Audience Verification Co-Usage Adjustment
Find Innovative SolutionsGenerate Solutions
Solution Overview
Problem
Current digital audience verification systems inaccurately measure demographics due to co-usage of devices, as they assume the device user is the same person associated with the device, leading to errors in audience statistics.
Innovation Solution
The system generates co-usage-adjusted statistics by comparing error estimates from assumption-based approaches with more reliable demographic data obtained directly or indirectly from users at the time of content exposure, using methods such as surveys or authenticated environment data to correct demographic assignments.

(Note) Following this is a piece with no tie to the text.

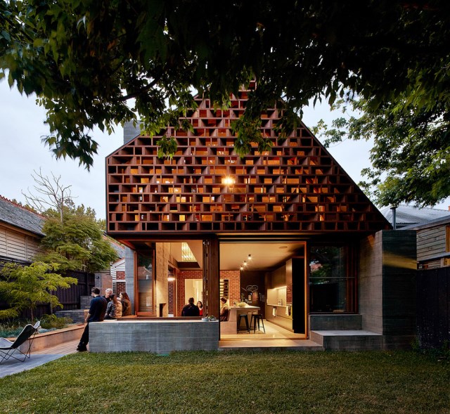 ดีไซน์ตัวบ้านแบบโมเดิร์น รูปทรงเฉียบ แปลกตา หลังคาทรงจั่วเอียงเก๋ๆ ดูเป็นบ้านสมัยใหม่เอามากๆ ผนังโปร่งแสง เน้นโชว์งานตกแต่งภายในตามคอนเซ็ปของบ้าน

Engineering Contradictions & Design Principles
Engineering Contradiction Analysis
1Device complexity
If device-to-profile associations are used for audience verification, then the system can operate with simple assumptions about user identity, but the accuracy of demographic statistics deteriorates due to co-usage of devices
Solution Approach 1:
The patent segments the audience verification process into multiple independent components: device identification, profile association, co-usage detection, and demographic assignment. By dividing the verification process into these discrete segments, the system can apply different verification strategies to different segments, improving overall accuracy without requiring complete system redesign.
Solution Approach 2:
The patent introduces an intermediary verification layer that mediates between device identification and profile association. This intermediary component analyzes usage patterns and detects co-usage scenarios, acting as a buffer that prevents direct but inaccurate mapping from device to profile, thereby improving demographic accuracy while maintaining system manageability.
2Ease of operation
If the system assumes the device user is the same person associated with the device, then the audience verification process remains simple, but the demographic statistics become inaccurate
Solution Approach 1:
The patent performs preliminary analysis of usage patterns before making demographic assignments. By pre-detecting co-usage scenarios and establishing correction factors in advance, the system maintains simple real-time verification operations while ensuring accurate demographic statistics through pre-computed adjustments.
Solution Approach 2:
The patent implements feedback mechanisms where demographic accuracy is continuously monitored and used to refine verification assumptions. The system collects data on actual usage patterns, compares them with assumed patterns, and adjusts verification logic accordingly, maintaining operational simplicity while improving accuracy through iterative refinement.
3Measurement precision
If co-usage detection and adjustment mechanisms are implemented, then demographic accuracy improves, but system complexity increases
Solution Approach 1:
The patent applies co-usage detection and adjustment mechanisms selectively to specific scenarios where co-usage is most likely to occur, rather than implementing universal complex verification for all cases. By applying adjustments only where needed (partial action), the system improves demographic accuracy in critical areas while avoiding unnecessary complexity in situations where simple assumptions remain valid.
Data Source
AI summary
Techniques are provided for generating adjustment factors, on a per-demographic-group basis, to compensate for errors in audience verification statistics caused by co-usage of devices. The adjustment factors are based on a comparison of (a) per-group counts produced by applying one audience verification approach to a set of exposures, to (b) per-group counts produced by applying another audience verification approach to the same set of exposures. For example, the first per-group counts may be produced under the assumption that the user to whom content is exposed is the owner of the device, and the second per-group counts may be produced by obtaining demographic information directly or indirectly from a user at the time the user is exposed to the content.